Month: November 2001

  • Well, my anonymous subscriber responded in email (for obvious reasons). The general gist is that he (‘he’ used simply because I think ‘ze’ and ‘hir’ are too pretentious) doesn’t want to draw attention to himself. Duh.

    There was also something in there about people feeling duty-bound to reciprocate the subscription, and an admonishment: “Do you write to express yourself or for the eProps?”

    So firstly, I’m totally cool with having anonymous subscribers. I’ve got anonymous readers who aren’t subscribed; should that send me into a tizzy?

    Secondly, motivation: I think it’s true that I write to express myself, but I also think that writing, particularly ‘blogging on Xanga, creates the pathway for a two-way communication. I don’t write for eProps, but comments help keep the inspiration level high. Reciprocation isn’t a duty but a pleasure, and a way to return the inspiration.

  • I haven’t been thanking folks for subscribing. I really appreciate the attention, and hope all you folks get something out of it, even if I end up being an example of how not to live your life. Like the man said, ‘In a good way.’ (I’ll have to blog about that man sometime, but I can’t for another 8 months.)

    But I still don’t understand anonymous subscribers, ya know? There’s something strange about it; I mean, I’m flattered, but at the same time, I want to know who it is, so I can read what they have to say. In fact it doesn’t really make a lot of sense that there *is* an anonymous option, but there you go.

  • Skating

    In Houston, Texas, there’s a section of town called the museum district. It shares a sort of conceptual overlap with a section called the university district. In these sections of town, there are a lot of really big houses, a lot of really rich people, a lot of really good bars, and very well-paved streets, since the rich people live there. Also, the street lights are a little less obvious there, for some reason. I guess the rich people don’t like bathing their front yards in unceasing light.

    All of these factors create what is known as a Perfect Skating Scenario. Strap some Rollerblades on your feet, pad up, and head for North Street at 2am. Wear a blinkie light.


    There’s a chhhhhhhhhhhhhhhhhh. The sound doesn’t end until you stop, it merely ebbs and flows as you pick up one foot to push off with, then the other. There’s the occasional chTNK as you glide over an expansion joint. The chhhhh takes on a different tone depending on the specific surface causing it; blacktop has a mellower tone while concrete is harsh.

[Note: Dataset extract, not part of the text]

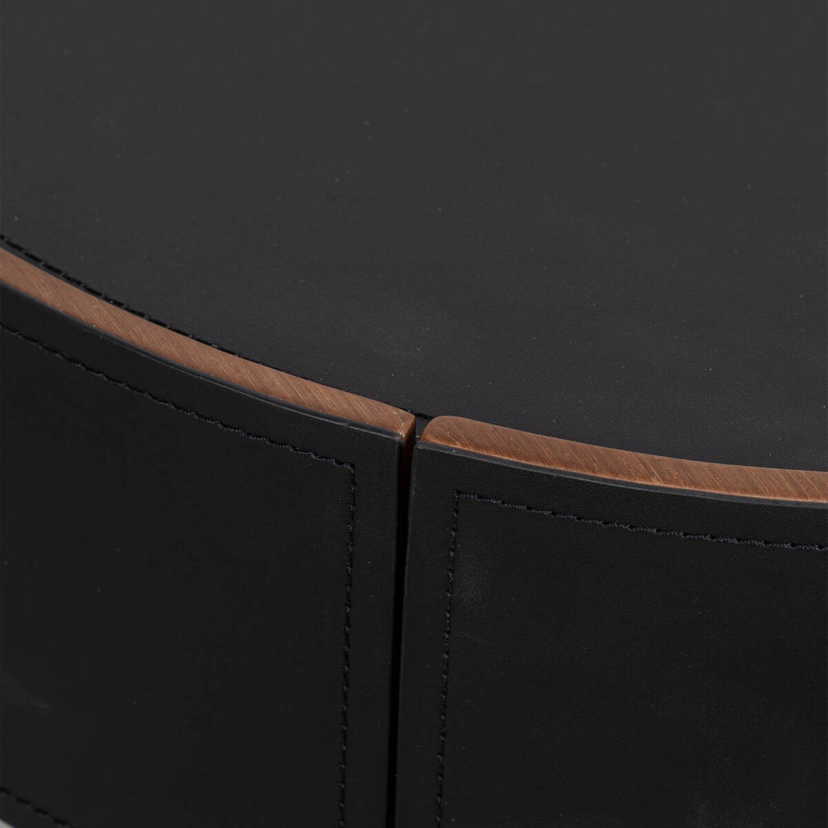 Mesita de noche Orbit redonda tapizada en piel negra con patas metálicas y tres cajones

    You feel the vibrations throughout your body. If you’re doing it right. If you only feel it in your feet, then you’re what’s known as a ‘penguin.’ You need to bend your knees and lean forward. Your whole body is skating, not just your feet. Your whole body is in contact with the pavement.

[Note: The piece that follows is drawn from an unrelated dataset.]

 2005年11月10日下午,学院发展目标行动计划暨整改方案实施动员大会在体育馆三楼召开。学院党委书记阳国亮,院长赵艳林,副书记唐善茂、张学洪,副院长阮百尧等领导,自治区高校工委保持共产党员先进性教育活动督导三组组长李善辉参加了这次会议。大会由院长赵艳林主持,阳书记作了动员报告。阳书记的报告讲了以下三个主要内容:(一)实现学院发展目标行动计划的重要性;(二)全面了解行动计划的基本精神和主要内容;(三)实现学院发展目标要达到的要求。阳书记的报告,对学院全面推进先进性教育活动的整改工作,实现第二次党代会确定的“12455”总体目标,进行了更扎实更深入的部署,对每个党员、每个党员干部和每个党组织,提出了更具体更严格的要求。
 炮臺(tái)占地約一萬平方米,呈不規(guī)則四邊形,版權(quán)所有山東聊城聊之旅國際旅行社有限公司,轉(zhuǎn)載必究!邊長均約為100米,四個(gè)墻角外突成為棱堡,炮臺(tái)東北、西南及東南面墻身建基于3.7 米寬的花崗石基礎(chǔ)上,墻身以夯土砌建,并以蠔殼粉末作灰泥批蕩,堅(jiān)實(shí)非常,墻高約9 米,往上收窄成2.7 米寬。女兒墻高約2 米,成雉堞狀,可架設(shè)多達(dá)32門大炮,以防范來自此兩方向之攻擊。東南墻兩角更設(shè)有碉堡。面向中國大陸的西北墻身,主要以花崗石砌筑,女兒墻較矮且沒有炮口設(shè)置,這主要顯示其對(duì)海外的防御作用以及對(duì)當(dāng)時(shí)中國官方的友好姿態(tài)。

    You’re from a middle-class family and you’re skating by the homes of some of the richest people in the world. The oil that made the asphalt you’re skating on was sold to the city by these people. You’re skating by George Bush’s house. Really. Former President George Bush. Lives in that house right there. ChhhhhhhhhChhhhhhhhChhhhhh.

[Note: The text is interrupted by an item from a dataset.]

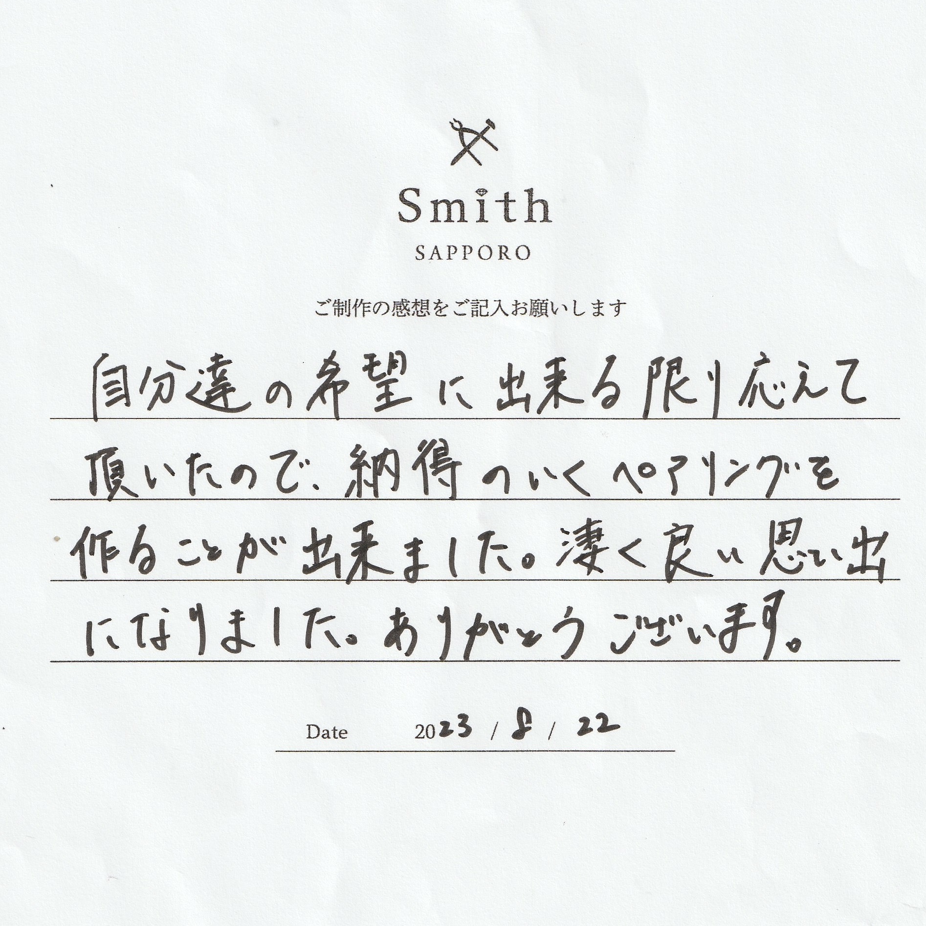 自分達の希望に出来る限り応えて頂いたので、納得のいくペアリングを作ることが出来ました。

    Streetlamps glide by. Your shadow shrinks from behind you and grows in front of you. It’s an intoxicating rhythm, if you can watch it happen. Between streetlamps, there’s confusion as your shadows sort out which light has dominion.

    No cars. No police. No traffic of any kind. Chhhhhhhhhhhhhhhhhhhh.

    Cross Sunset Boulevard, think of that movie. Cross University Boulevard, wonder why Rice University has the owl as a mascot. Never mind, you’re on the campus now, it doesn’t matter.

    Shoot past the new concert hall where you went with your dad to hear chamber music. Shoot past the stadium. Shoot past the auditorium where you recorded Paul English and Tom Bacon doing that crazy piano-French horn duet. Touch the memories of the Kurosawa retrospective at the Media Center, where you dutifully went twice a week for two months. Touch the memories of Alicia’s graduation.

    It’s dark and the gates are closed on the other side of the campus but you don’t care. Just duck under. No problem.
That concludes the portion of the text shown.